Thanks Esfa - not that keen on them 

What are the fish with the biggish lips that are orange and yellow and bright?

Or am I being dim and thinking of marine fish  

EDIT - I was thinking of a damsel fish which I now know is a marine fish 

I do like the electric blue, powder blue and electric yellow cichilds though - how compatible are they to my set up?


----------



## piercedboy17 (Apr 19, 2008)

If you want a few larger fish then why don't you get two or three parrot fish? These come in a variety of colours. . . Pink, yellow, orange etc 
There fish can only be kept with there own sort though! 

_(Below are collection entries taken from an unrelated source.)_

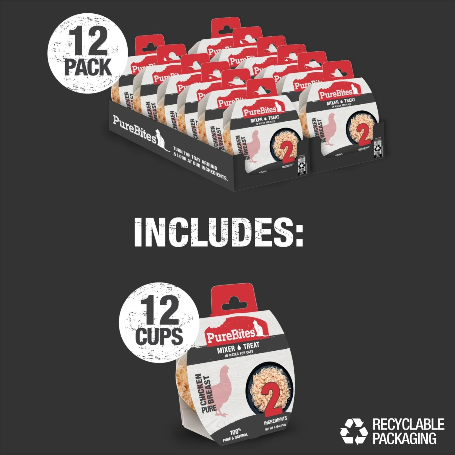 Made with just one ingredient, PureBites Mixers 100% Chicken Breast in Water Grain-Free Cat Food Trays are tasty, nutritious and fresh. Pure chicken breast is high in protein, and added water helps to keep your furbaby hydrated. You can feed this versatile food in many ways – feed it as a treat, an appetizer, a mixer or a topper to make dry food more appealing to picky kitties. Each tray is just 30 calories, purr-fect for cats who need to lose a little weight. This grain-free food is also ideal for kitties who are diabetic, have allergies, have gastrointestinal disorders or are on a restricted diet.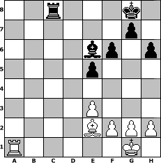 game notation in PGN-format [Event "4. Norderstedter DENK MAL Open 2013"] [Site "www.myChess.de"] [Date "2013.01.09"] [Round "1"] [White "FrankB"] [Black "sprinterde"] [ECO "A40"] [WhitemyELO "1518"] [BlackmyELO "1686"] [Result "1/2-1/2"] [TimeControl "10/2592000"] [WhiteDays "30"] [BlackDays "30"] [MyChessNo "86077"] 1. d4 e6 2. c4 Nf6 3. Nf3 Bb4+ 4. Bd2 c5 5. dxc5 Bxc5 6. e3 Qb6 7. Qc2 Nc6 8. a3 O-O 9. b4 Be7 10. Nc3 d5 11. Na4 Qc7 12. Bc3 Rd8 13. Be2 Ne4 14. Bb2 Nxb4 15. axb4 Bxb4+ 16. Nc3 b5 17. O-O Nxc3 18. Bxc3 Bxc3 19. Qxc3 dxc4 20. Nd4 Rb8 21. Rfc1 e5 22. Nxb5 Rxb5 23. Qxc4 Qxc4 24. Rxc4 Rb7 25. Rca4 Rb2 26. Bc4 Rbd2 27. Rxa7 Be6 28. Bf1 f6 29. Ra8 h6 30. Rxd8+ Rxd8 31. Be2 Rc8 1/2-1/2 position notation in FEN-format 2r3k1/6p1/4bp1p/4p3/8/4P3/4BPPP/R5K1 - - - 2 32 Captured white pieces: Captured black pieces: Click on a captured piece in order to display the desired move!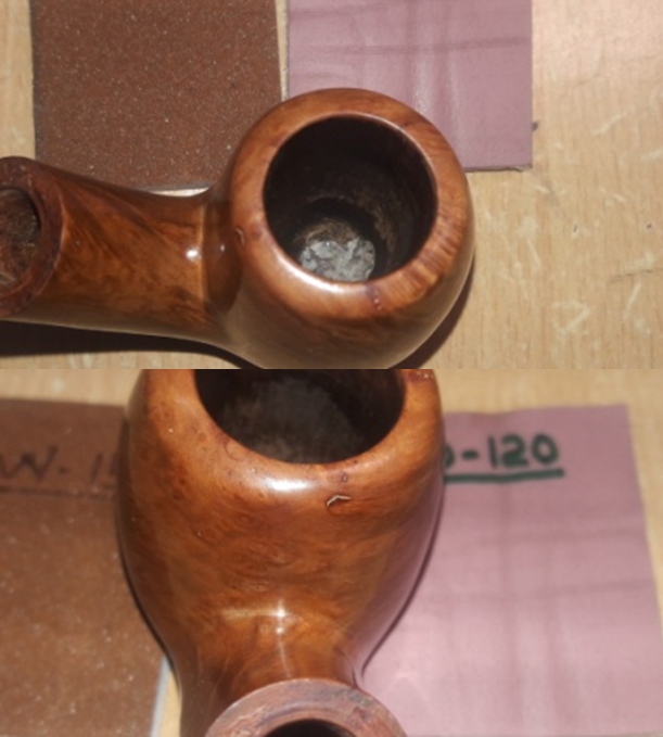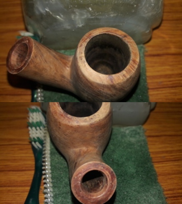 While the stem was soaking in the deoxidizer solution, I worked on the stummel by first reaming the chamber with size 2 Castleford reamer head. I further scraped the chamber walls with my fabricated knife to remove the remaining carbon deposits where the reamer head could not reach. I scraped out the lava overflow from the rim top surface. Once the cake was reamed back to the bare briar, I used a 150 grit sand paper followed by 220 grit sand paper to remove all the traces of remaining cake and also to smooth out the inner walls of the chamber surface. Finally, to remove the residual carbon dust, I wiped the chamber with a cotton pad wetted with 99.9% pure isopropyl alcohol. And it was at this stage that I got the first (and hopefully the last) inkling of the likely damage to the heel of the chamber. The mortise and draught hole had been over zealously cleaned with pipe cleaners/ shank brush by the previous piper and which had resulted in a deep trough from the draught hole to the center of the heel with raised edges on the sides. This trough is indicated with red arrows. If or not the damage has extended to the foot of the stummel will be confirmed once the stummel surface has been cleaned. The chamber walls, inner and outer rim edges are pristine and without any damage.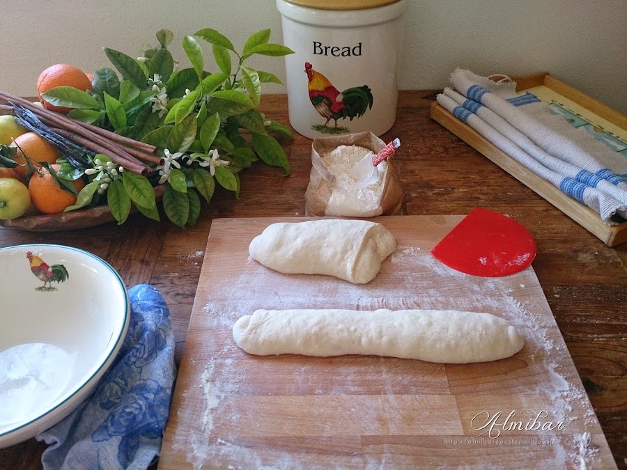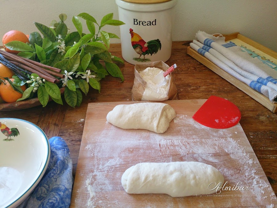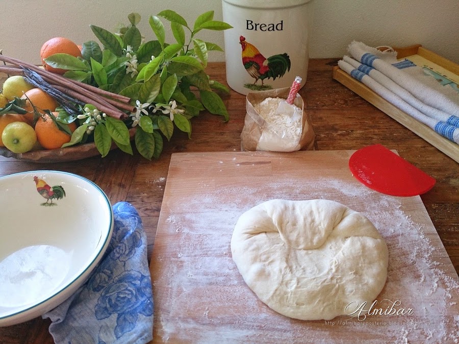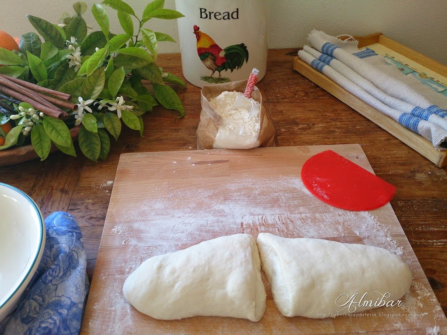 ...quedando la cara lisa de la masa en contacto con la harina...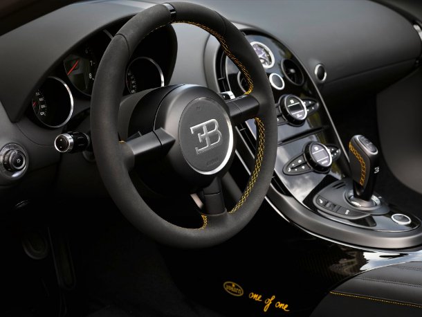 Außerdem findet sich das „Macaron“ genannte Oval auch in gelber Ziernaht auf den Kopfstützen der Sitze. Die gelben Kontrastnähte verzieren auch das Lenkrad und den Wählhebel des DSG-Getriebes sowie die Außenkante von Sitzen und Mittelkonsole. Als Dekor für die Mittelkonsole wählte der Kunde das tiefschwarz eingefärbte Sichtcarbon, das auch schon außen zu sehen ist. Sämtliche Lederbezüge sind ebenfalls in Tiefschwarz gehalten. Auf dem Deckel des Ablagefaches zwischen den Sitzen wurde mit gelber Farbe auf schwarzem Sichtcarbon eine Skizze vom Bugatti Type 35 aufgetragen. Dieser Wagen gehört bis heute zu den erfolgreichsten Rennwagen aller Zeiten, da mit ihm mehr als 2.000 Rennsiege und Podiumsplatzierungen eingefahren wurden. Ein weiteres neues Detail sind die Türpaneele, bei denen eine neuartige Laserperforationstechnik zum Einsatz kam. Mit ihr wurde eine stilisierte Seitenansicht des Veyron Grand Sport Vitesse in schwarzes Leder eingearbeitet. Dahinter wurde gelbes Leder gespannt, das nun durch die Löcher hindurchschimmert.
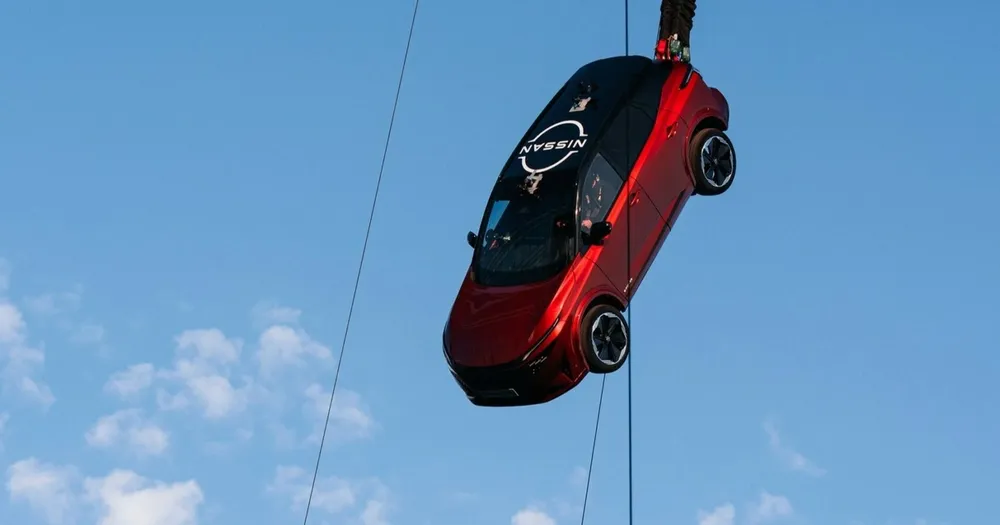 Laurent Lasko, một diễn viên đóng thế chuyên nghiệp và tay đua xe, ngồi trên ghế lái của chiếc xe Nissan Qashqai e-Power khi nó được thả từ cần cẩu ở độ cao 213 feet và 3 inch (64,9986m).

Or you could have small fish such as the ones mentioned above and get a pair of dwalf or other types of guramis(sp?)
Be careful though as some of them can get quite big! lol


----------



## Tomcat (Jul 29, 2007)

Yeah, parrot fish get big, and are absolutly gorgeous to look at. They have big lips too if i remember rightly?

Or even set up a discus tank? They are large, unique and nice looking brightly colored fish. Can be expensive though


----------



## piercedboy17 (Apr 19, 2008)

Tomcat said:


> Yeah, parrot fish get big, and are absolutly gorgeous to look at. They have big lips too if i remember rightly?
> 
> Or even set up a discus tank? They are large, unique and nice looking brightly colored fish. Can be expensive though


Yeah they do have big lips. . . Not so much when they are younger! But when they are older! I would like them. . . but my community tank wouldn't allow it! They have enough trouble off my teritorial red tailed shark! lol


----------



## Tomcat (Jul 29, 2007)

No, i dont think my tank could take it either lol. 

How many is a 120L suitable for?


----------



## piercedboy17 (Apr 19, 2008)

I have no idea matey!
I'm no expert on fish keeping. . . I don't find it an easy hobbie tbh!


----------



## luke123 (Apr 13, 2008)

a few firemouths??


----------



## Snakes r grreat (Aug 21, 2006)

Rainbow fish are nice when bigger, and come in different colours.


----------



## alpharoyals (Nov 21, 2007)

Parrot fish are hybridized by man, I personally woulnt touch them. Discus are really nice but its best to use RO water, Cichlids can also make a nice display.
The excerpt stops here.